The little girl took the chest and the key and then asked for a knife.

"A knife?" echoed the knight.

"A knife with which I can take my precious thing out."

And the knight unbuckled the knife on his belt before handing it to her, for he didn't think she was ill enough to be untrustworthy. Hardly did she hold it within her hands when she cut open her wrists – one, two – and began emptying the star-boy's stars from her body and into that chest, thinking, "it will be alright. It will be alright. I lived without these stars until I met the star-boy."

But it was not alright, because her body had grown so used to having stardust in those glass veins.
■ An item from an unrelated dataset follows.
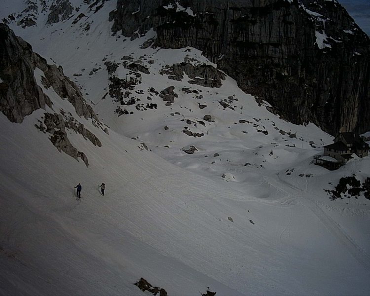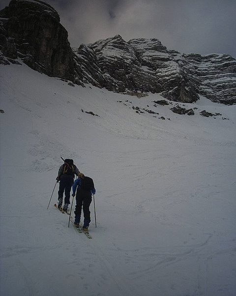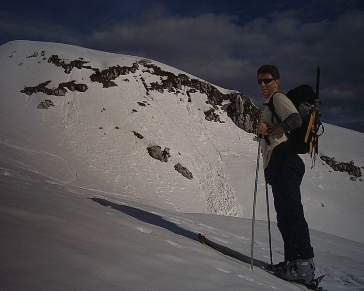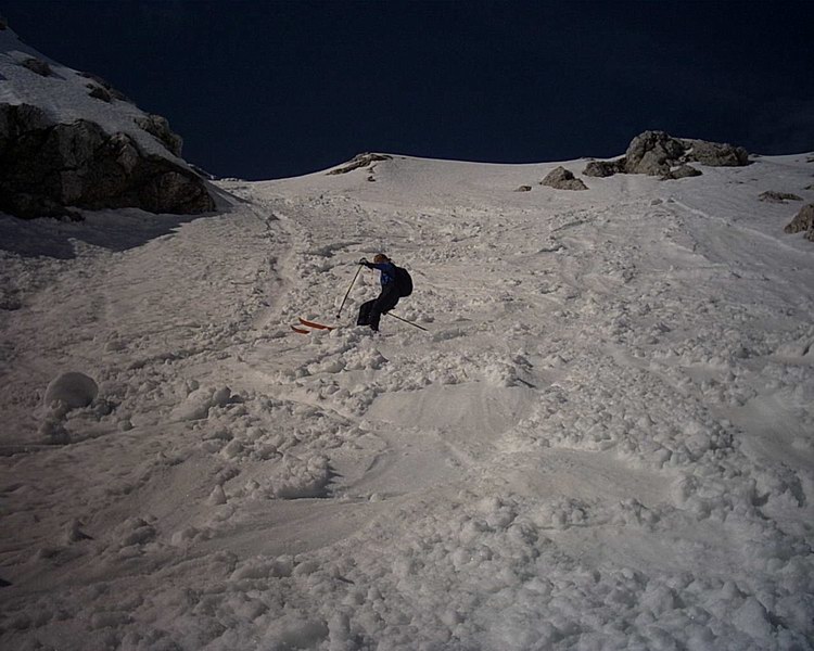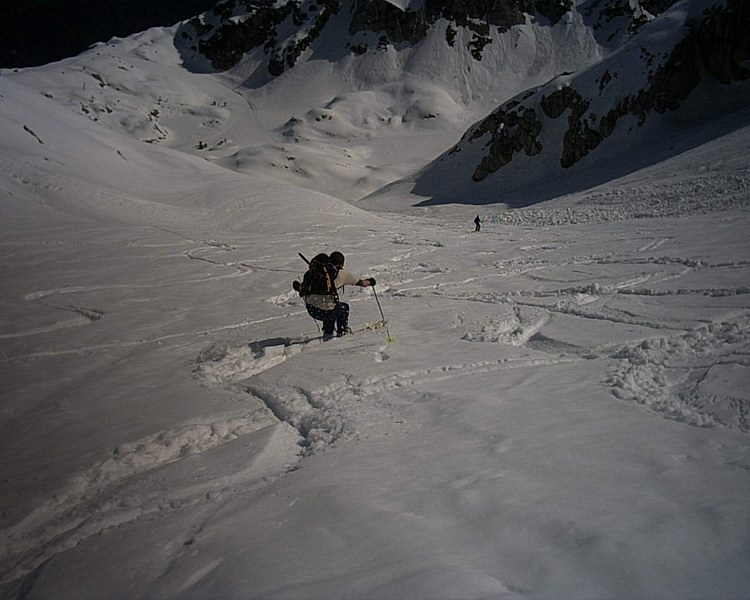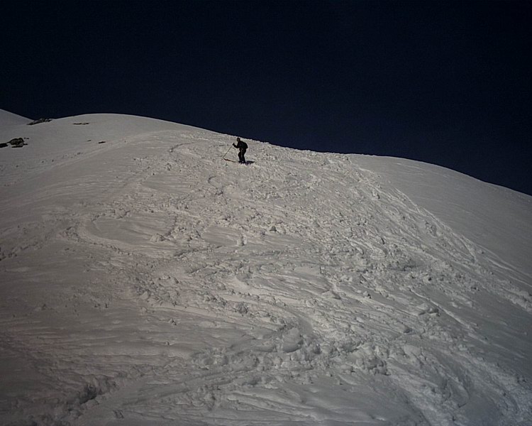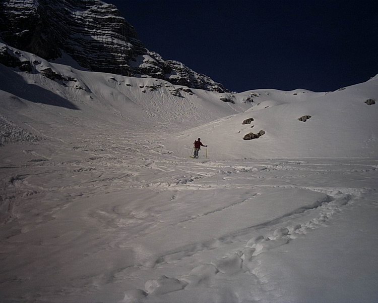 Salita tranquilla lungo la pista fino al rif. Gilberti (1850). Un breve taglio ci porta nel vallone che sale fino alla sella Ursic (2280). Sono le 9.30 e fa molto caldo. Dai pendii più ripidi ci sono dei piccoli distacchi spontanei. Per fortuna la meta è già raggiunta.

So the little girl was surprised when she began to melt, melt into sand, with no more magic left to sustain her little-girl form.

She closed her eyes, resigning herself to her fate, since she was so happy enough to once again see the stars that anything else did not matter.

Then her veins filled up with colour.

The knight gave the little girl his colour, all the same colours that he and she had painted together. He gave the little girl his colour, and she reformed, but he had given her so much that he no longer had any left. His body turned white, his skin, his hair. Then the colourless knight put on his helm so that nobody would see his colourless face ever again.

A click, the chest was locked, and the girl held it close to her cold stone-heart.

The little girl dreamt of stars, the universe, and distant galaxies.

"I will build a ship to Andromeda," thought the girl. "I will find the star-boy, and we will explore the star-seas together."

The colourless knight, sensing her resolve, knelt down and pledged his eternal fealty.